## Requirement
Would you give the listing again exactly as written, minus its pictures?

## Information shown
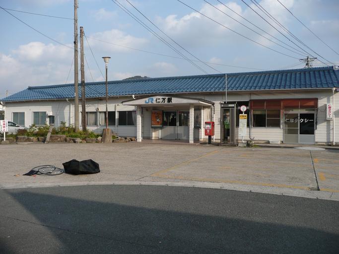 Keywords: Nima station.JPG en 仁万駅舎 自身で撮影 上 ジョー 2010-12-23 Cc-zero Stations of San'in Main Line Railway stations opened in 1917 Train stations in Shimane prefecture
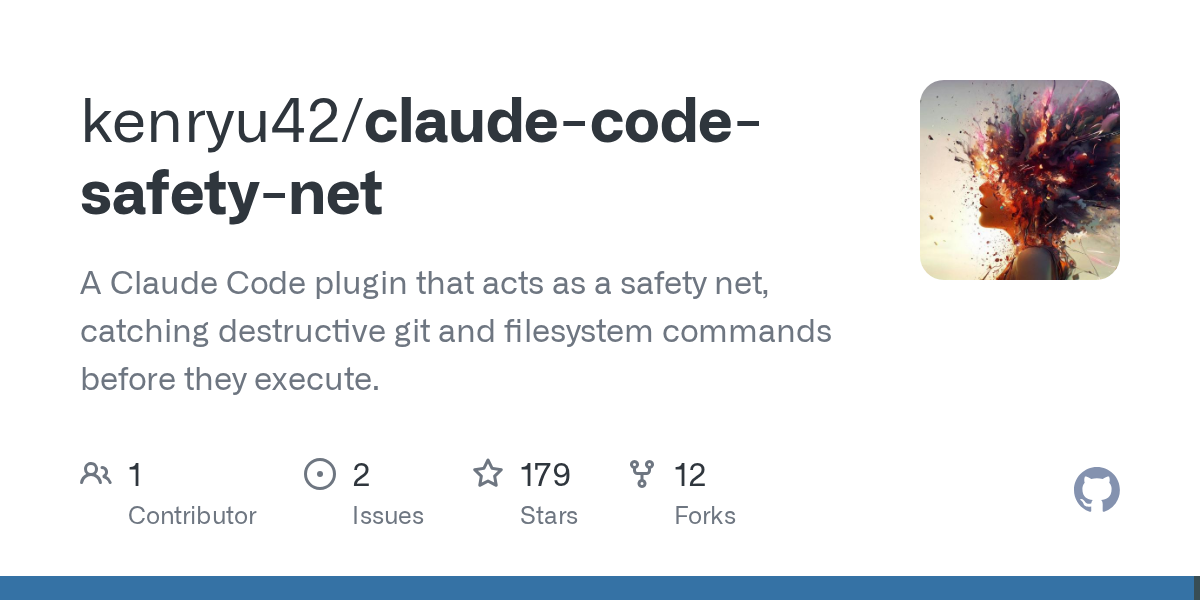 arrow-up11arrow-down1external-linkShow HN: A Claude Code plugin that catch destructive Git and filesystem commandsgithub.comRSS BotMB to Hacker NewsEnglish · 2 hours agomessage-square0fedilinkfile-text
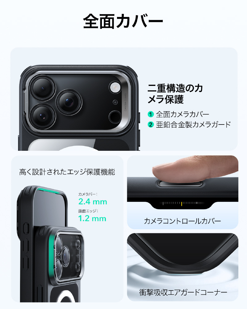 カメラレンズはスマホの命です!このiPhone17ケースはレンズ全体を覆うフルカバーと、丈夫な亜鉛合金製スタンドの二段構えで傷から徹底保護します。さらに周辺部よりわずかに高く設計されているため、置くときや落とした時の擦り傷やキズからもレンズを守ります。機能性と美しい一体感を実現したデザインです
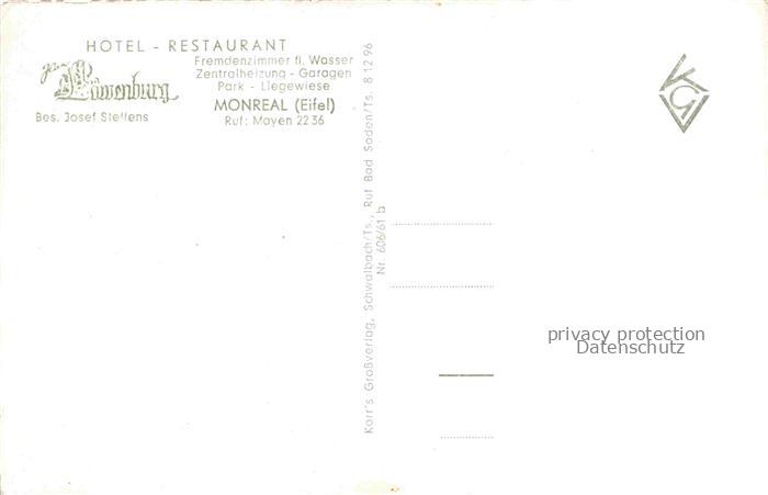 74037446 Monreal Eifel Hotel Restaurant Loewenburg Kirche Brunnen postalisch nicht gelaufen Erhaltung siehe scans [WerneD78] KatCode: 11110007137074

## Answer box
 Keywords: Nima station.JPG en 仁万駅舎 自身で撮影 上 ジョー 2010-12-23 Cc-zero Stations of San'in Main Line Railway stations opened in 1917 Train stations in Shimane prefecture
 arrow-up11arrow-down1external-linkShow HN: A Claude Code plugin that catch destructive Git and filesystem commandsgithub.comRSS BotMB to Hacker NewsEnglish · 2 hours agomessage-square0fedilinkfile-text
 カメラレンズはスマホの命です!このiPhone17ケースはレンズ全体を覆うフルカバーと、丈夫な亜鉛合金製スタンドの二段構えで傷から徹底保護します。さらに周辺部よりわずかに高く設計されているため、置くときや落とした時の擦り傷やキズからもレンズを守ります。機能性と美しい一体感を実現したデザインです
 74037446 Monreal Eifel Hotel Restaurant Loewenburg Kirche Brunnen postalisch nicht gelaufen Erhaltung siehe scans [WerneD78] KatCode: 11110007137074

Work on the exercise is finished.